[Task instructions]:
Lower down are entries containing pictures. Copy exactly, without those pictures, the lines from the line with "55.5%と半数以上の方が、" through the line with "按照該規劃,到2030年,南".

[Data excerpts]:
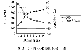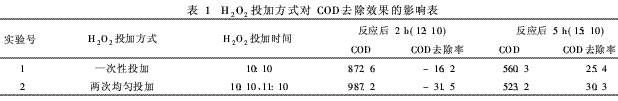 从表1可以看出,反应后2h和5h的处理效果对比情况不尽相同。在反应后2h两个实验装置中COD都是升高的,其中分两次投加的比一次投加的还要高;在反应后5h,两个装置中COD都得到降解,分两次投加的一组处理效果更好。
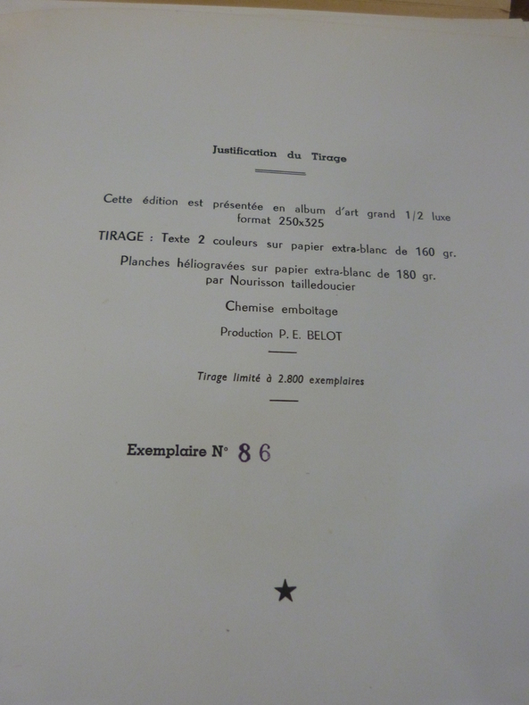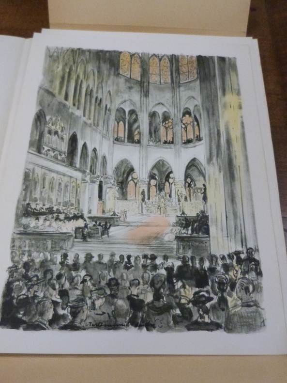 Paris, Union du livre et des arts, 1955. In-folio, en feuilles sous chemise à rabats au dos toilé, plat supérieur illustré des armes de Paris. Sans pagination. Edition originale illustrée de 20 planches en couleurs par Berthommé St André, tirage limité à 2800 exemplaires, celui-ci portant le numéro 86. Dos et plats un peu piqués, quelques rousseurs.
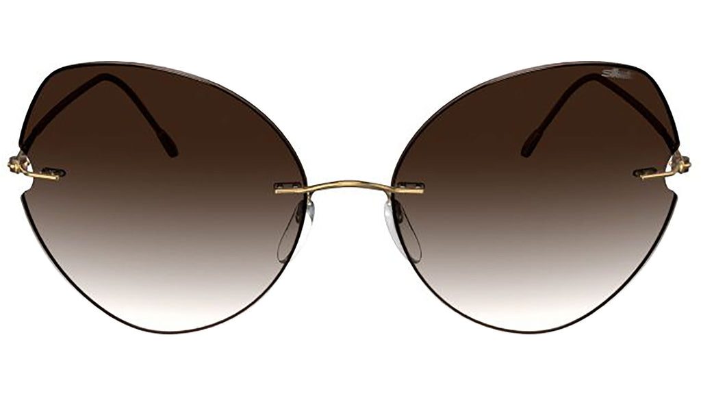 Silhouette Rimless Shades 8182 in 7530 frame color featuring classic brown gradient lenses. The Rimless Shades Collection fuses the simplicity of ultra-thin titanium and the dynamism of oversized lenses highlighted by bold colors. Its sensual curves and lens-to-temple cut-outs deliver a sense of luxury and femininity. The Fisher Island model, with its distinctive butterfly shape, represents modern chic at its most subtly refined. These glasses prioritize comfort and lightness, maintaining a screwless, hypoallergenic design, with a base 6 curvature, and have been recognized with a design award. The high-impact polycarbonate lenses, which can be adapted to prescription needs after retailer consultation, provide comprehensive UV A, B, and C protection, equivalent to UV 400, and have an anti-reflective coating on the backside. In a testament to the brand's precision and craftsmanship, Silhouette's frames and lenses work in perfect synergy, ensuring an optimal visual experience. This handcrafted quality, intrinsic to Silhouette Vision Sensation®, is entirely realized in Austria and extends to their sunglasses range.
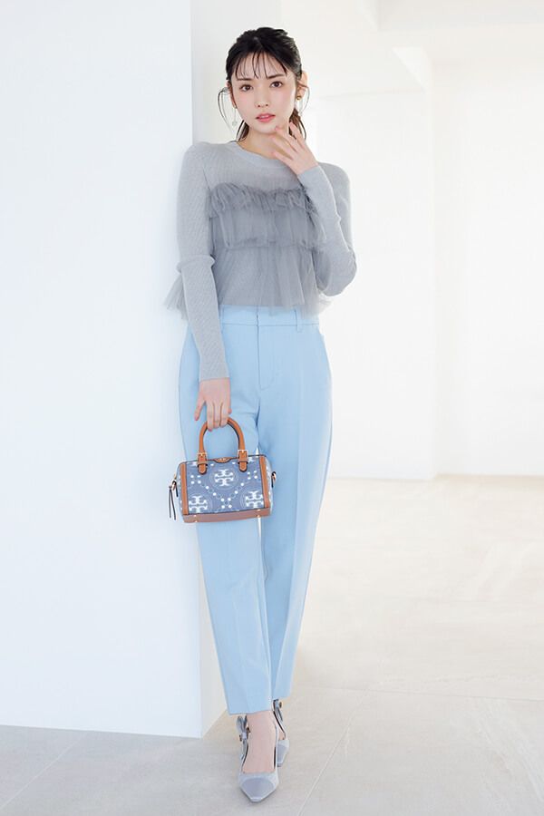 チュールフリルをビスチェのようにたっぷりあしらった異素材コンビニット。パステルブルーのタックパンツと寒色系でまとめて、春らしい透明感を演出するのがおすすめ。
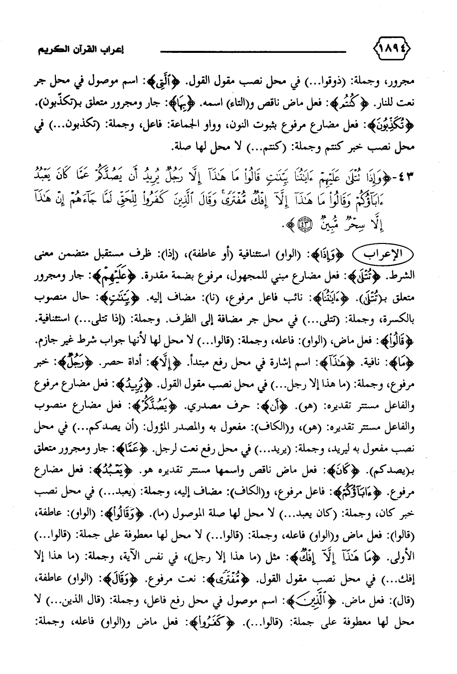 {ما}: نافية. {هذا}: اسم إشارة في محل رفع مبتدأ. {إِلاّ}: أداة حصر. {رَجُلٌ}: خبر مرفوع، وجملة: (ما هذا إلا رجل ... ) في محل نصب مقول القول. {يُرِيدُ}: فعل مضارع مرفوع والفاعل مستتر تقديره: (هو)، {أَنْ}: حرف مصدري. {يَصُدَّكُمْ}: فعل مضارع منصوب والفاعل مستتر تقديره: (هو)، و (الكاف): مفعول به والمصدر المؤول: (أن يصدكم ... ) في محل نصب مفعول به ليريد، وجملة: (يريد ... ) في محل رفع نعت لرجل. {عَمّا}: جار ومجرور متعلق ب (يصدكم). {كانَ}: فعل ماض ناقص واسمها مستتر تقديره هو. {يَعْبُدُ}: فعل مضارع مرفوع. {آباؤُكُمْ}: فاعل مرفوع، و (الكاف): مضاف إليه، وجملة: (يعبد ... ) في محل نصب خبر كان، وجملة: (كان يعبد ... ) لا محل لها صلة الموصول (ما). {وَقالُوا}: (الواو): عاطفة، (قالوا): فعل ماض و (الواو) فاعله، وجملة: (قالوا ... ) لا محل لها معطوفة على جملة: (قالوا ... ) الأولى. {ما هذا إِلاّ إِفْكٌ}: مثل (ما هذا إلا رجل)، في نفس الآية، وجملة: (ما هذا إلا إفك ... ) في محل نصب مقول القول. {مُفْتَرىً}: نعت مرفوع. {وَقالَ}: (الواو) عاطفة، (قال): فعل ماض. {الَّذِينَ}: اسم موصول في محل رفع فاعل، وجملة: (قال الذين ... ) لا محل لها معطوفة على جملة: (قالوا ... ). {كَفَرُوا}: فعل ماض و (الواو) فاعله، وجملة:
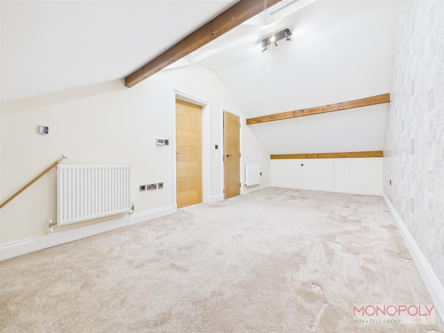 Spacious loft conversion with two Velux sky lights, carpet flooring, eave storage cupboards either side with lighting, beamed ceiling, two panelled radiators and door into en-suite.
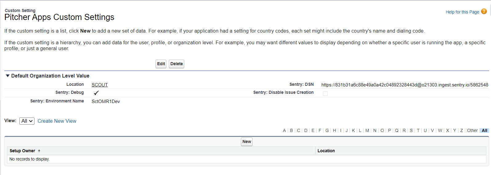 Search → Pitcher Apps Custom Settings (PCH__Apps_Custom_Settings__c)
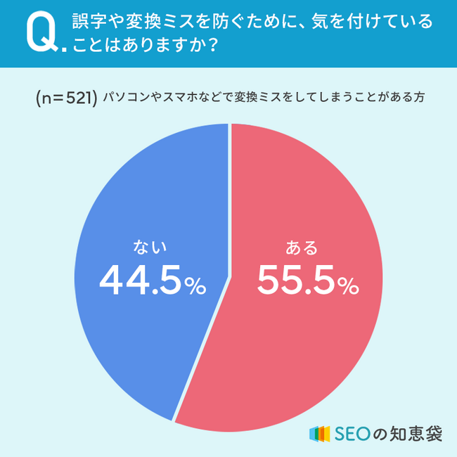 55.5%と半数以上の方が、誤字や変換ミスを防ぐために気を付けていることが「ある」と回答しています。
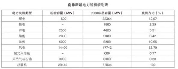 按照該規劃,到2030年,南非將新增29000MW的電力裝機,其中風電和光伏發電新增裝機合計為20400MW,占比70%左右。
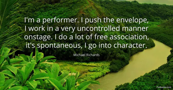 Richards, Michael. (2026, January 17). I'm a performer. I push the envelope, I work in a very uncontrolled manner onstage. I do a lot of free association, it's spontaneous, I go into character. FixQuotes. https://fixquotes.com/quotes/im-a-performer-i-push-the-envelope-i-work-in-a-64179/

[Result of this task]:
 55.5%と半数以上の方が、誤字や変換ミスを防ぐために気を付けていることが「ある」と回答しています。
 按照該規劃,到2030年,南非將新增29000MW的電力裝機,其中風電和光伏發電新增裝機合計為20400MW,占比70%左右。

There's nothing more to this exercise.